**What to do**
Could you return all of the entries word for word, minus any pictures?

**** Input for this task ****

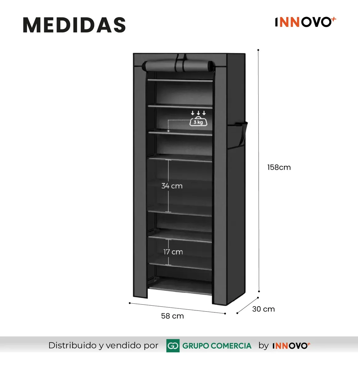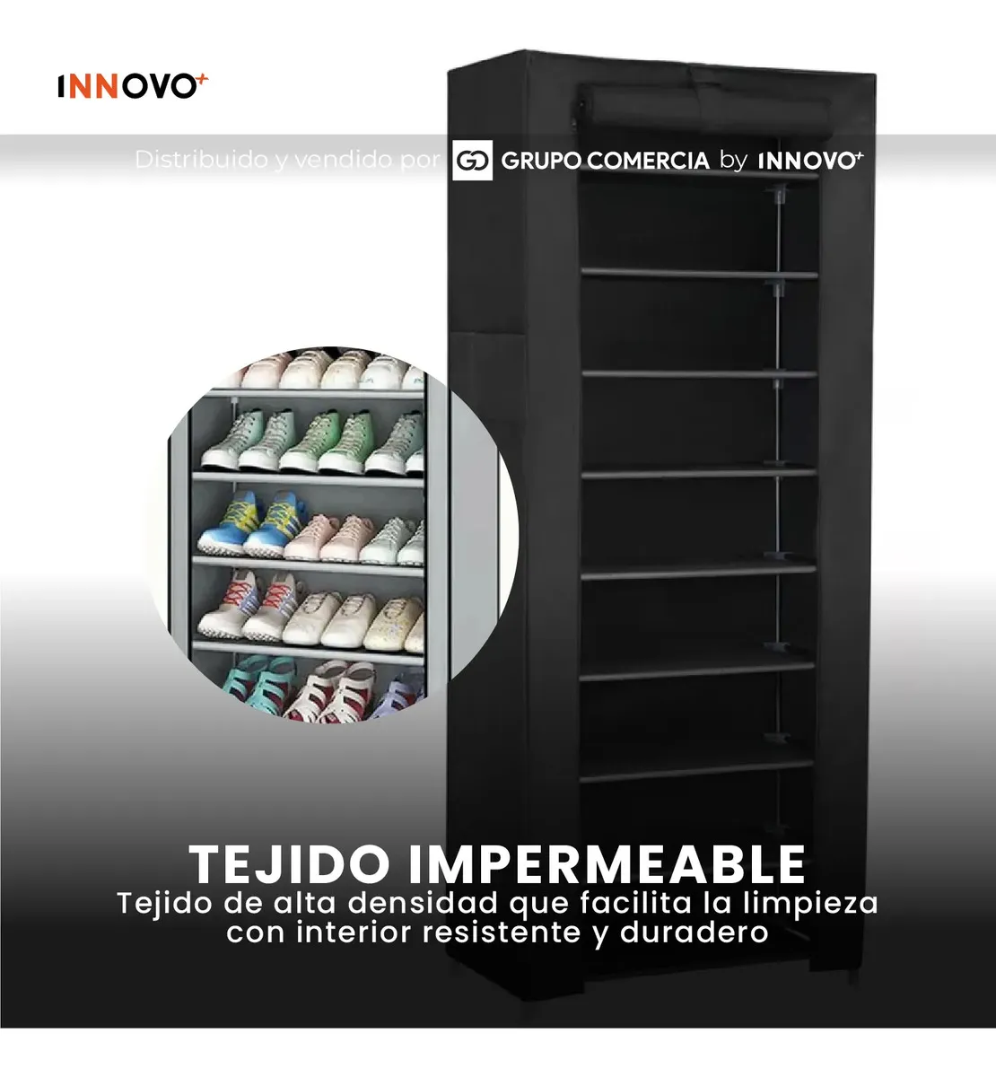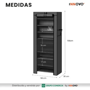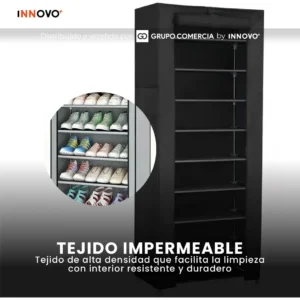 A diferencia de los estantes abiertos, este modelo incluye una funda de tela de alta densidad que repele el agua y el polvo.
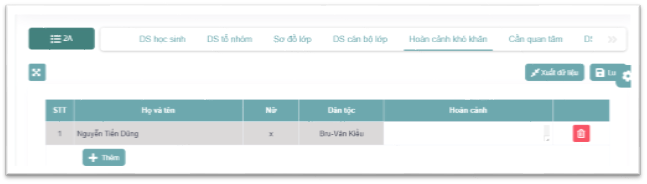 - Bước 5: Ấn nút Lưu để thực hiện lưu danh sách học sinh hoàn cảnh khó khăn
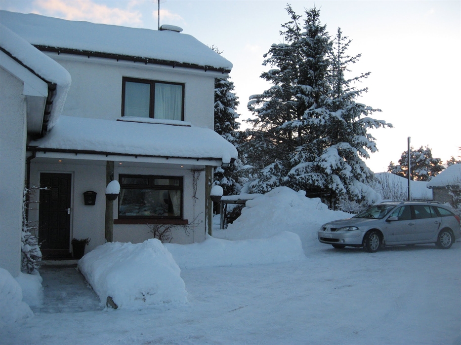 We are a large white detached house on the main street in the centre of the Village. We are a family run Guest House near Aviemore and within the Cairngorms National Park. We also have a self catering onsite chalet which sleeps up to 6 guests.
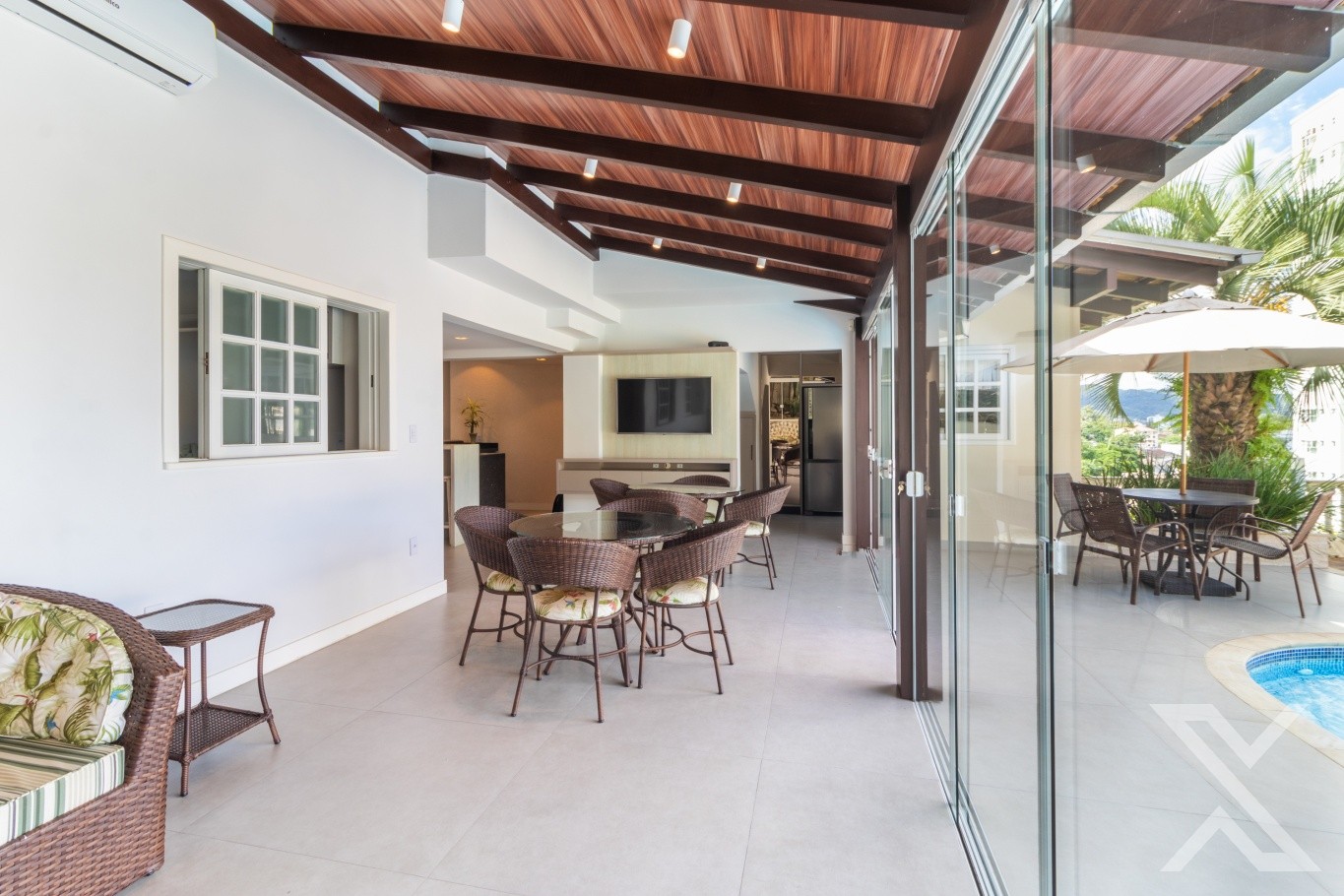 ● área de festas com piscina aquecida.
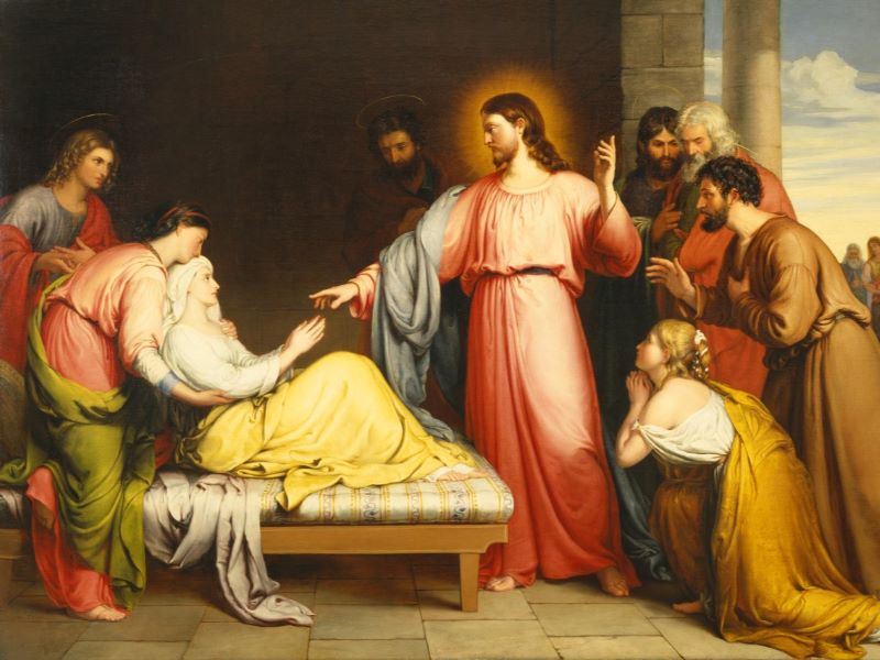 Šimonova tchyně ležela v horečce. Hned mu o ní pověděli. Přistoupil, vzal ji za ruku a pozvedl ji. Horečka ji opustila a ona je obsluhovala. (Mk 1,29-31)

****

**Your response**
 A diferencia de los estantes abiertos, este modelo incluye una funda de tela de alta densidad que repele el agua y el polvo.
 - Bước 5: Ấn nút Lưu để thực hiện lưu danh sách học sinh hoàn cảnh khó khăn
 We are a large white detached house on the main street in the centre of the Village. We are a family run Guest House near Aviemore and within the Cairngorms National Park. We also have a self catering onsite chalet which sleeps up to 6 guests.
 ● área de festas com piscina aquecida.
 Šimonova tchyně ležela v horečce. Hned mu o ní pověděli. Přistoupil, vzal ji za ruku a pozvedl ji. Horečka ji opustila a ona je obsluhovala. (Mk 1,29-31)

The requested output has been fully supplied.